Data provided
****
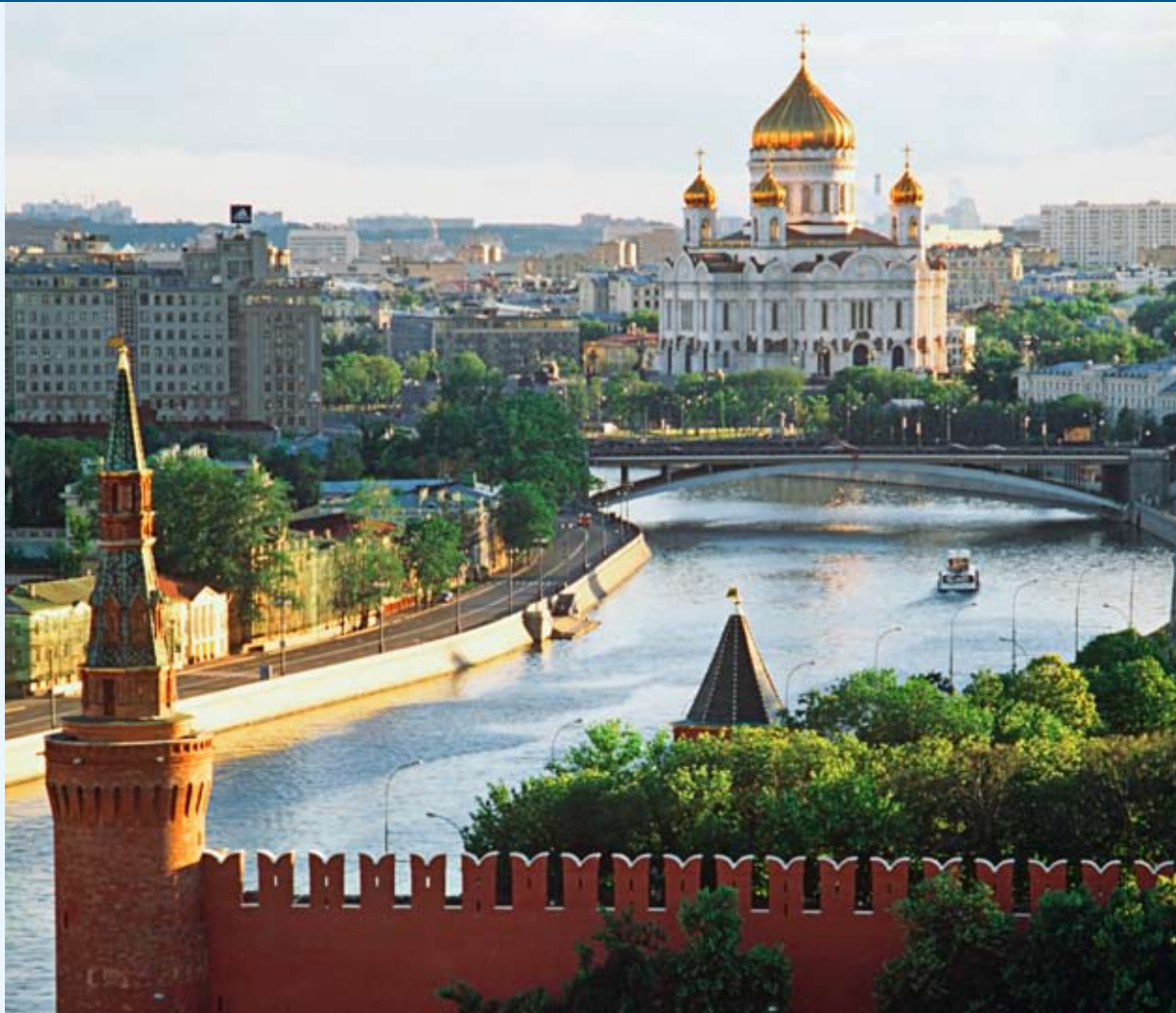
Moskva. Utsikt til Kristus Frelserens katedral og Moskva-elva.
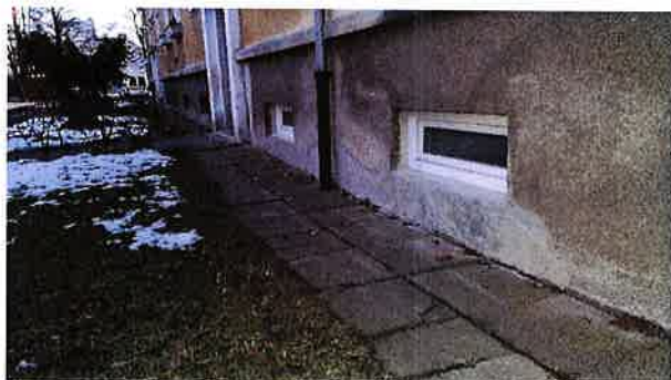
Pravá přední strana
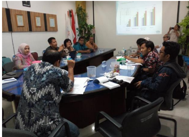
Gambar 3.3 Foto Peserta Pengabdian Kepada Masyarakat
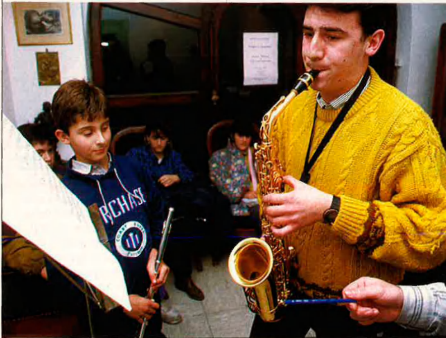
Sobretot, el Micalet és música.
****
About this task
Could you return exactly the lines starting with the one that contains "Pravá přední strana" and ending with the last line of the data above? Leave the pictures out.

Finished task
Pravá přední strana
Gambar 3.3 Foto Peserta Pengabdian Kepada Masyarakat
Sobretot, el Micalet és música.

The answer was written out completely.